2.8. Evaluation of NF-κB Activity

NF-κB activity was measured in nuclear protein extracts (15 μg) by the TransAM TM NF-κB p65 protein assay (Active Motif, Carlsbad, CA, USA), an ELISA-based method designed to specifically detect and quantify NF-κB p65 binding. The assay was performed according to the manufacturer’s protocol and analyzed by measuring the absorbance at 450 nm using a µ-Quant plate-reader (Bio-Tek Instruments, Winooski, VT, USA).

2.9. Luciferase Assay

Cells were transiently transfected with reporter 12xGLI-luc and pGL4.32 [luc2P/NF-κB-RE/Hygro]. The 12xGLI-luc reporter contains twelve copies of an GLI-response element and was a gift from E. De Smaele, see [38] for details. The pGL4.32 [luc2P/NF-κB-RE/Hygro] was obtained from Promega (Cat N: E849A, Promega) contains five copies of an NF-κB response element (NF-κB-RE) that drives transcription of the luciferase reporter gene luc2. Transient transfections were carried out using Fugene (Cat N: E2312, Promega), following the manufacturer’s protocol. A Renilla luciferase expression plasmid, pRT-TK, was co-transfected as an internal control. Cells were collected 48 h after transfection.
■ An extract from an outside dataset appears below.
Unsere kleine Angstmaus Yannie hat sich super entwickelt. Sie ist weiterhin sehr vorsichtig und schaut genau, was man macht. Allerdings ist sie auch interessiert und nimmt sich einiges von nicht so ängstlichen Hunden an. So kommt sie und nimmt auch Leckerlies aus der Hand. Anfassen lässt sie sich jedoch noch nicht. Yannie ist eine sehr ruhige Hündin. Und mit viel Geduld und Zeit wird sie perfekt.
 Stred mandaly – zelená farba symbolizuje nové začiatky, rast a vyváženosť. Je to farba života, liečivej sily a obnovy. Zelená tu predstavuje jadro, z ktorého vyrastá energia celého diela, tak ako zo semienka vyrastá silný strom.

A luciferase activity assay was performed using a dual-luciferase reporter assay system (Cat N: E1910, Promega) following the manufacturer’s protocol and normalized to Renilla luciferase activity. Relative promoter fold activation of the reporter plasmids was calculated as the ratio of relative luciferase activity values from each sample relative to the corresponding internal control. All experiments were performed in triplicate.
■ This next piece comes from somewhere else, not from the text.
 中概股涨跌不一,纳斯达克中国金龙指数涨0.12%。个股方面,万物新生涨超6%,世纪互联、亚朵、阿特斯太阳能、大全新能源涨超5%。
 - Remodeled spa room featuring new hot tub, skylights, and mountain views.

2.10. Analysis on TCGA Dataset

Expression and survival data for the analysis of The Cancer Genome Atlas (TCGA) Prostatic Cancer (PRAD) program were from the Pan-Cancer Atlas publication [39] and downloaded from the Genomic Data Common repository (https://gdc.cancer.gov/node/905/, accessed on 1 April 2022). Expression values from the same sample but from different vials/portions/analytes/aliquots were averaged. Analyses were restricted to patients who did not receive radiation therapy. The p65-SHh-GLI1 gene signature expression levels were performed considering the average of the z-score scaled expressions of the genes in the signature. For progression free interval (PFI) analysis, patients were stratified into two groups based on the signature expression levels, using 75th as the threshold. The curves were estimated using the Kaplan–Meier method, and the differences were tested with the log-rank test, using the survival package. p-values < 0.05 were considered statistically significant.

2.11. Synergism Analysis

Drug combination responses were calculated based on the Bliss model using SynergyFinder 2.0 [40]. Deviations between observed and expected responses with positive and negative values denote synergistic (>10), additive (from −10 to 10) and antagonistic (<−10) responses, respectively. For estimation of outlier measurements, the cNMF algorithm in SynergyFinder 2.0 was utilized [41].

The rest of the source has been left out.